I am trying to have multiple sets of information for the same argument. For example
http://pastebin.com/H8ZAMnFZ
will show the full current directory or all the files in the directory of one extension. Instead of using this function multiple times to display types of different extensions, I'd rather have
listdir(".";".txt",".rtf",".doc")
and then change the code to allow for this. However with only commas separating the arguments, I can't think of a way to do this.
The main reason i ask is because in a for loop, the difference in arguments are seen by ';' not ',' and I was hoping this could be done similarly.

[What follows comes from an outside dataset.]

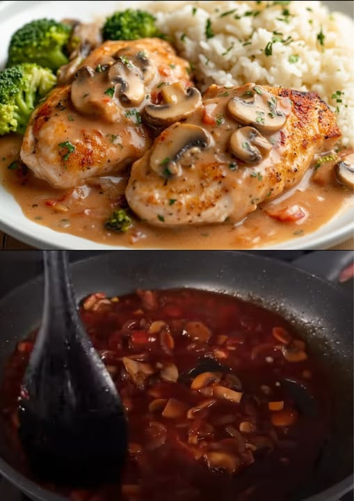 - Serveer de kipfilets met de romige saus, gekookte rijst en groenten.

Yes i could send an array of strings, or a vector as you suggested, but I was hoping for an easily understood standard for the function, so that i don't have to go back to it in the future to understand the arguments. Thanks for the link, I haven't heard of that before.
But i feel it would be easier if i could just use a semicolon, so that i don't have to pass... well it would basically be a copy of ".txt",".rtf".".doc" in a different form.
Stringstreams provide a similar syntax. You can copy it in a class of your own you can use as argument.
Or you can put in the function some functionality that will parse a more complex string ( eg ".txt|.rtf|.doc" ) dividing each part separated by '|' ( or whatever character you choose ) into different strings
C++0x Will allow something like this: listdir ( ".", {".txt",".rtf",".doc"} )
if the second parameter is a vector or some other sequence container
bazzy, thanks! I didn't think about parsing the data with a unique character (which is ironic, considering the program is for parsing text...) That will work nicely.